Question

Estimate the proportion of boron impurity which will increase the conductivity of a pure silicon sample by a factor of $100$. Assume that each boron atom creates a hole, and the concentration of holes in pure silicon at the same temperature is $7\times {10}^{15}$ holes per cubic meter. Density of silicon is $5\times {10}^{28}$ atoms per cubic meter.

• A. $1.8\times {10}^5$
• B. $3.571\times {10}^{10}$
• C. $2.580\times {10}^{10}$
• D. $4.576\times {10}^{10}$

Answer 1

The correct option is B $3.571\times {10}^{10}$

In a pure silicon, $n_e=n_h$,

$\therefore$ Total number of charge carries initially
$=2\times 7\times {10}^{15}=14\times {10}^{15}{\text{m}}^{-3}$

As the conductivity should be increased by a factor of $100$,

Final total number of charge carries
$=14\times {10}^{15}\times 100=14\times {10}^{17}{\text{m}}^{-3}$

Let $x$ be the hole concentration after doping, which is also equal to boron concentration.

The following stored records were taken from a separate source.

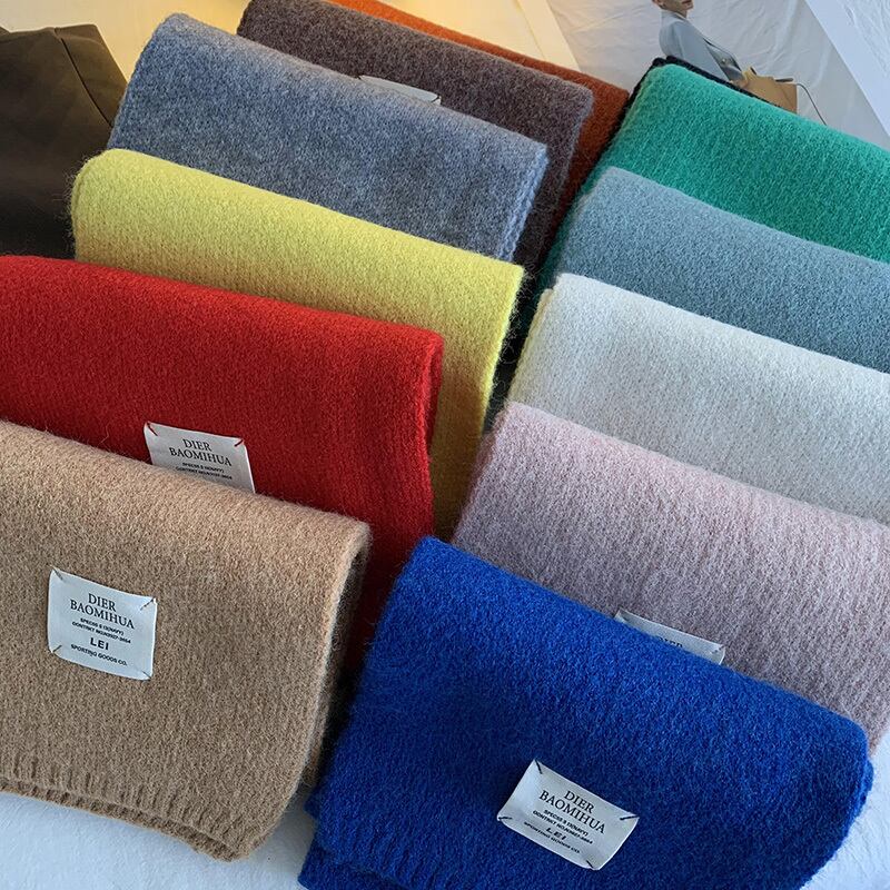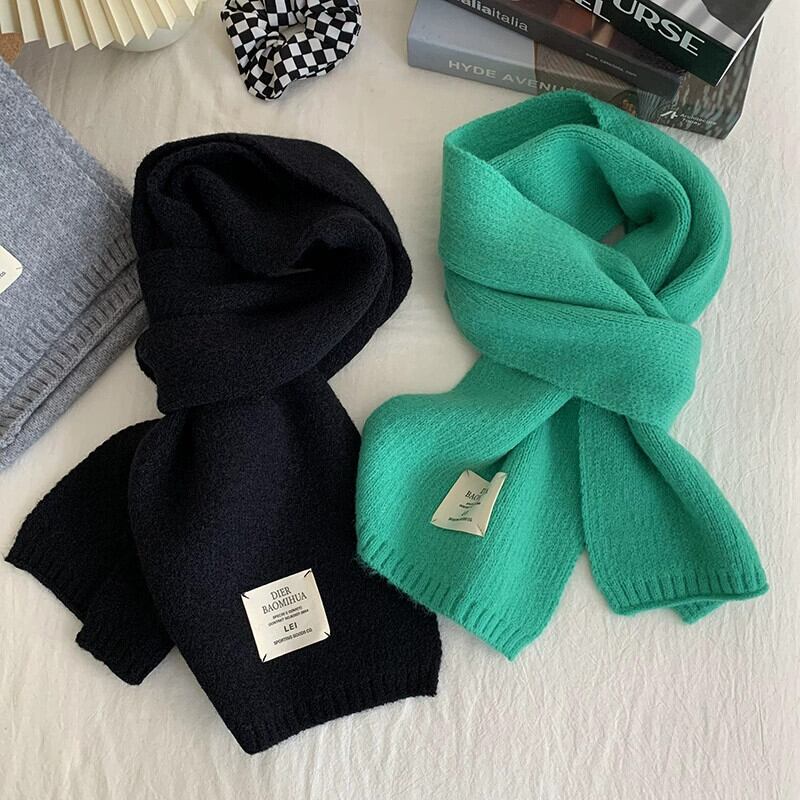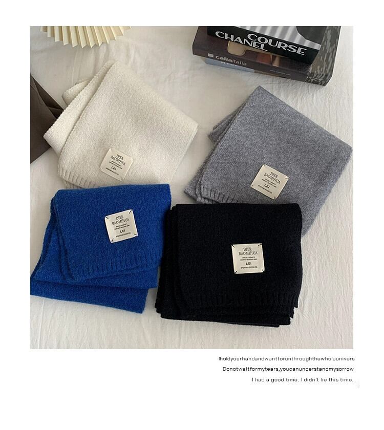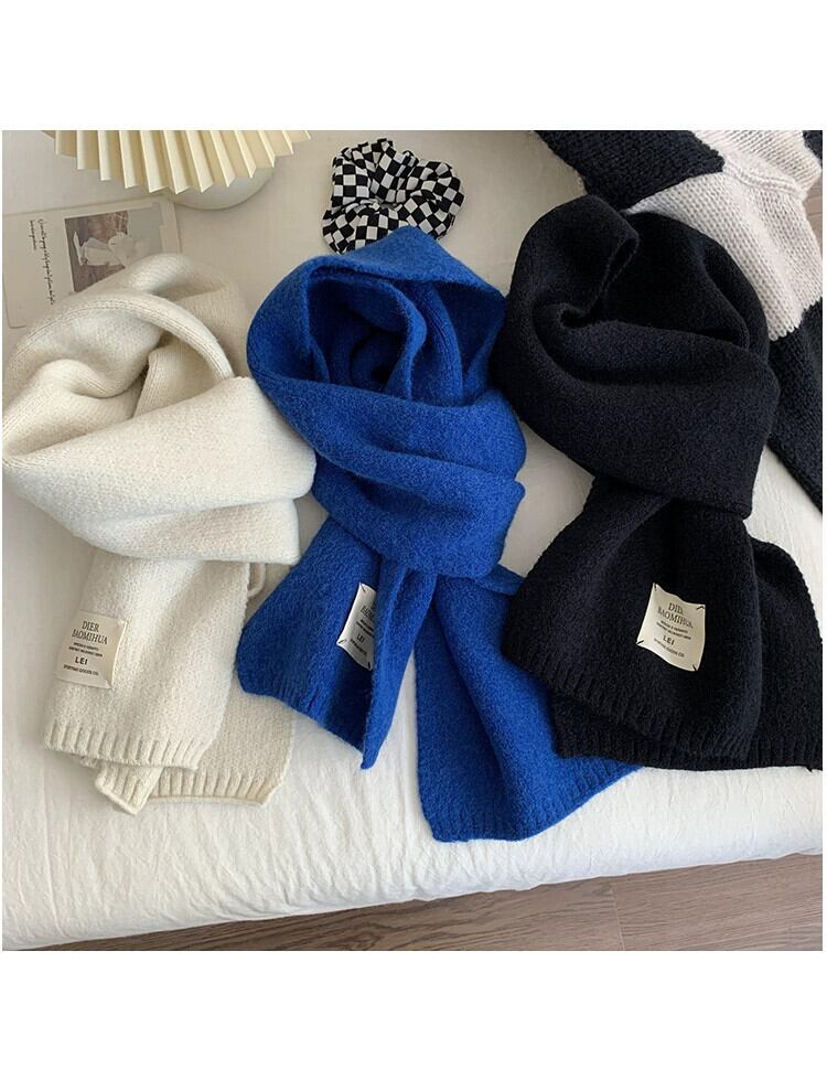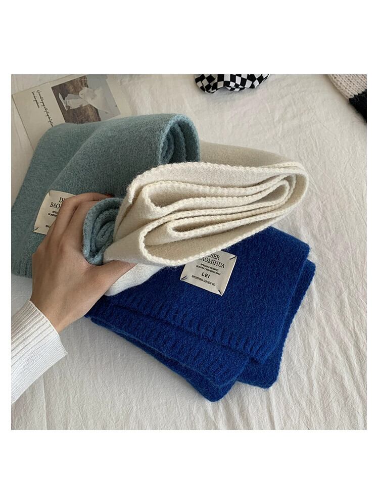 インスタイルソリッドカラースカーフ女性冬ウール学生ショー白いスカーフ新しいニットラベル暖かい男性 ホワイト ウィンター 冬物 15dd9463291531
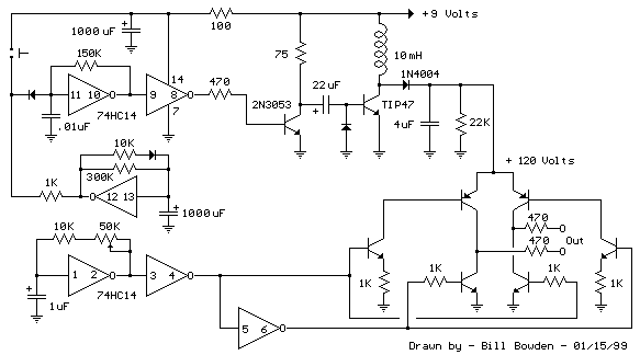 下面所示的電話環發生器從簡單的開關模式電源(SMPS)產生所需的高電壓,該電源采用CMOS施密特觸發器方波振蕩器,10mH電感器,高壓開關晶體管(TIP47或其他高電壓,1安培晶體管)和驅動石英晶振管(2N3053).電感應具有1.5歐姆或更低的低直流電阻.開關電源必須連接負載以防止電壓上升過高,因此在輸出端使用22K電阻,將電壓限制在120DC左右,電話振鈴器斷開,直流電壓約為90V.可以通過改變引腳10和11之間的150K電阻值來調節輸出電壓,這將改變振蕩器頻率(頻率大約為800Hz,如圖所示).通過第二個施密特觸發器振蕩器(引腳12/13)接通和斷開電源,使電話振鈴約2秒鐘,然后電路在振鈴之間空閑約一分鐘.這些時間可通過連接到引腳12的10K和300K電阻進行調整.所示的按鈕用于手動振鈴電話.25Hz振鈴頻率由另一個控制H橋晶體管輸出電路的施密特觸發器振蕩器(引腳1/2)產生.輸出級中的6個晶體管(4個NPN,2個PNP)應為額定電壓為200伏特或更高的高壓類型.振鈴器僅消耗10mA左右,因此輸出晶體管可以具有低額定電流但必須具有高額定電壓.我使用了手頭上的TIP47s和未知數字的小信號PNP,但其他類型如NTE287(NPN)和NTE288(PNP)應該有效.兩者都有300伏的CE評級,郵購機構的成本約為0.95美元.
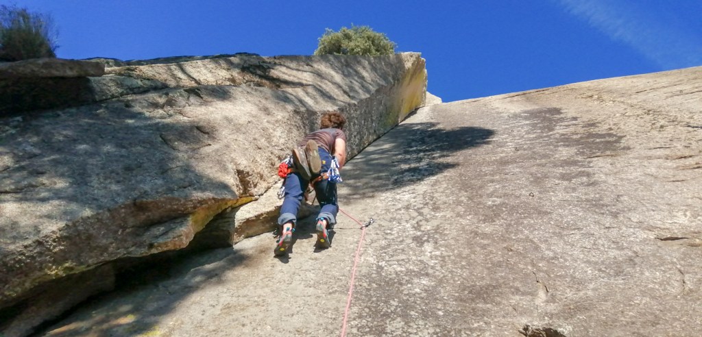 Después de este maravilloso largo, uno de los mejores de la zona centro en su grado, proseguimos por una placa de adherencia para hacer reunión debajo de un murito (se hacen perfectamente los dos largos en uno). Este se puede superar por diferentes rutas, a la izquierda (IV+), por el centro (7?) y a la derecha (chapas blancas, 6c).
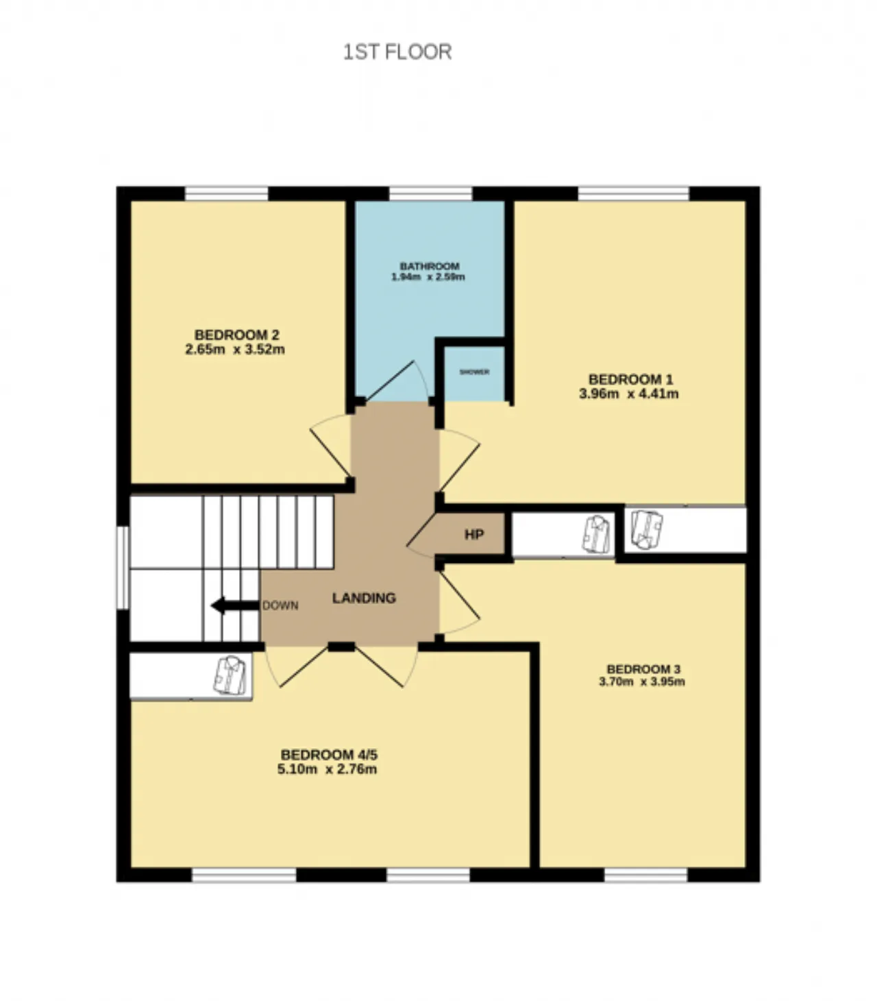 Bedroom 4/5 Currently in use as one bedroom (originally two bedrooms) with laminate flooring, fitted wardrobes and two windows to front.
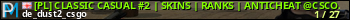 [PL] CLASSIC CASUAL #2 | SKINS | RANKS | ANTICHEAT @CSCO.pl представлен в виде сервера ксс. Из всех имеющихся на сайте модификаций игровых серверов, наша система поставила метку Classic сервера css. В нашем мониторинге игровых серверов вы так же можете найти быструю навигацию по всем меткам - используйте главную страницу игры Counter Strike Source.
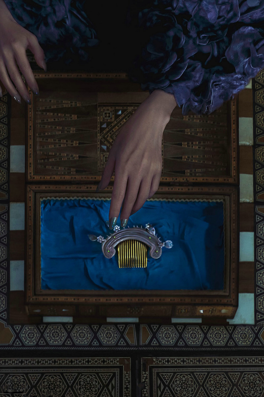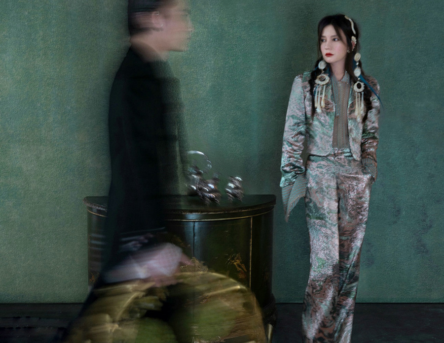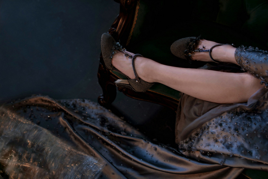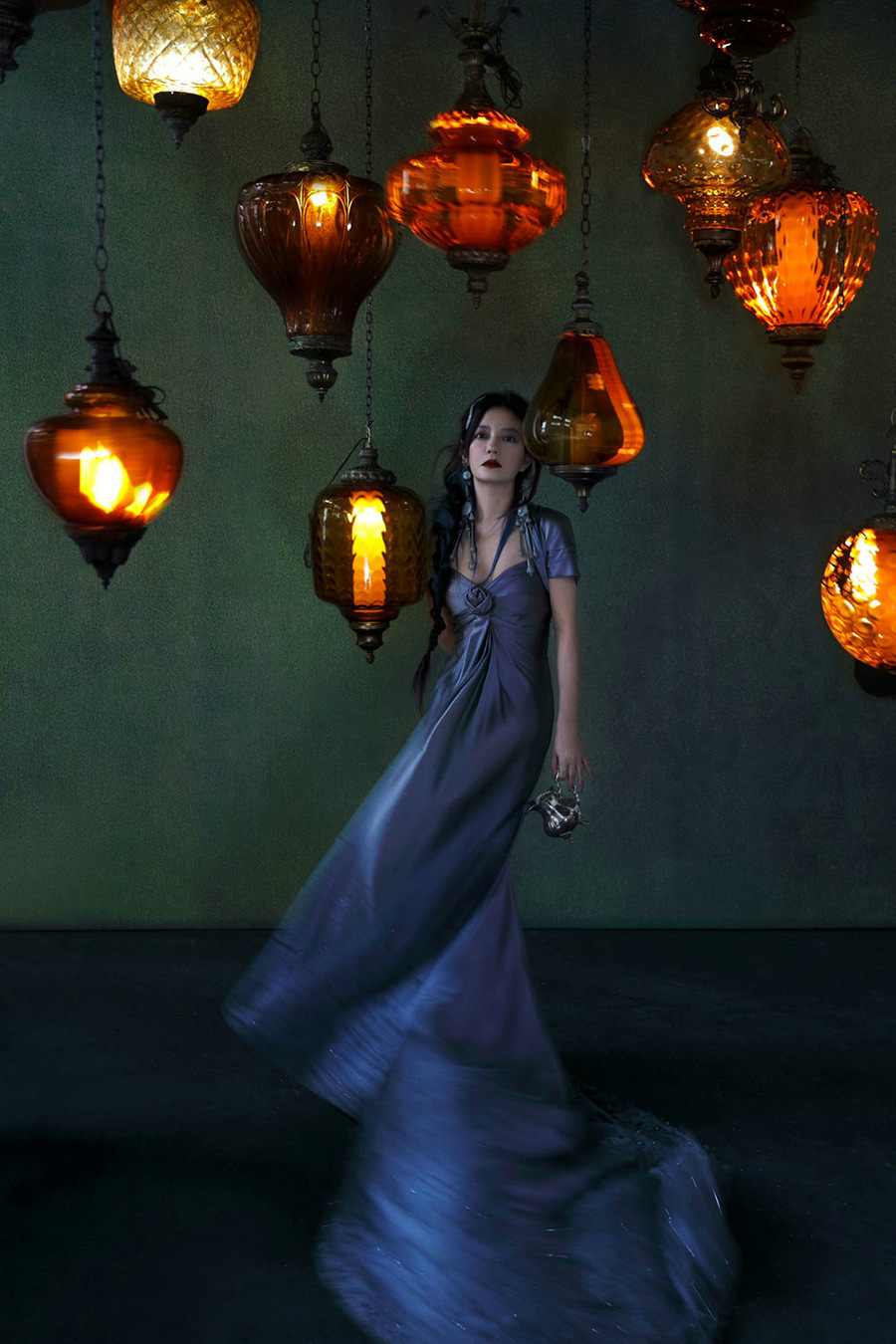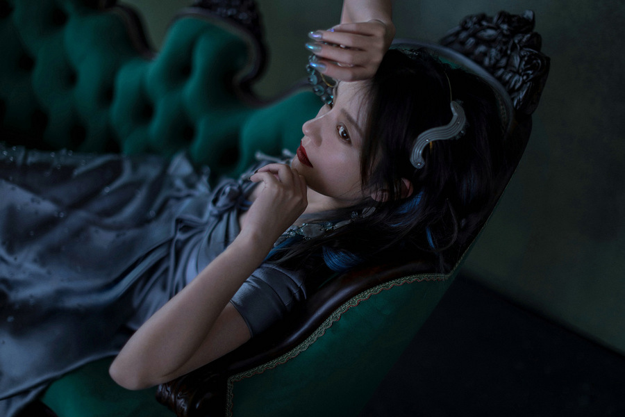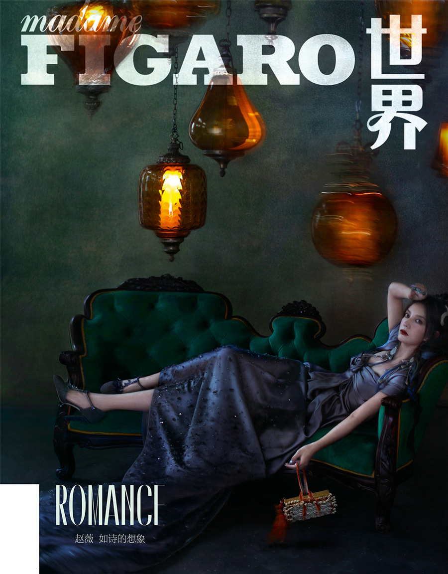 大片中,赵薇穿着高定礼服置身油画般的场景,或一身黑色蕾丝透视裙慵懒倚靠在椅背,似在等待晚宴开场;或身穿幽蓝色鱼尾长裙躺在墨绿色的长椅上回眸一望,露肩吊带长裙搭配繁花披肩,让人仿佛能闻到了暗夜中的悠然花香,画面氛围感十足。赵薇眼神清冷却又蕴含沉静的力量,在性感魅惑与高贵典雅间随意切换,时尚表现力十足。

As the product of the concentrations of holes and conduction electrons remains almost the same.

So, $(7\times {10}^{15})\times (7\times {10}^{15})=x\times (14\times {10}^{17}-x)$

$\Rightarrow 14x\times {10}^{17}-x^2=49\times {10}^{30}$

$\Rightarrow x^2-14x\times {10}^{17}+49\times {10}^{30}=0$

$\Rightarrow x=\frac{14\times {10}^{17}\pm \sqrt{{14}^2\times {10}^{34}-4\times 49\times {10}^{30}}}{2}$

$\Rightarrow x\approx 14\times {10}^{17}{\text{m}}^{-3}$

Thus, the proportion of boron impurity added is given by,

$\frac{5\times {10}^{28}}{14\times {10}^{17}}=3.571\times {10}^{10}$

Therefore, $1$ boron atom is added for every $3.571\times {10}^{10}$ atoms of silicon.

Hence, option $\left(B\right)$ is correct.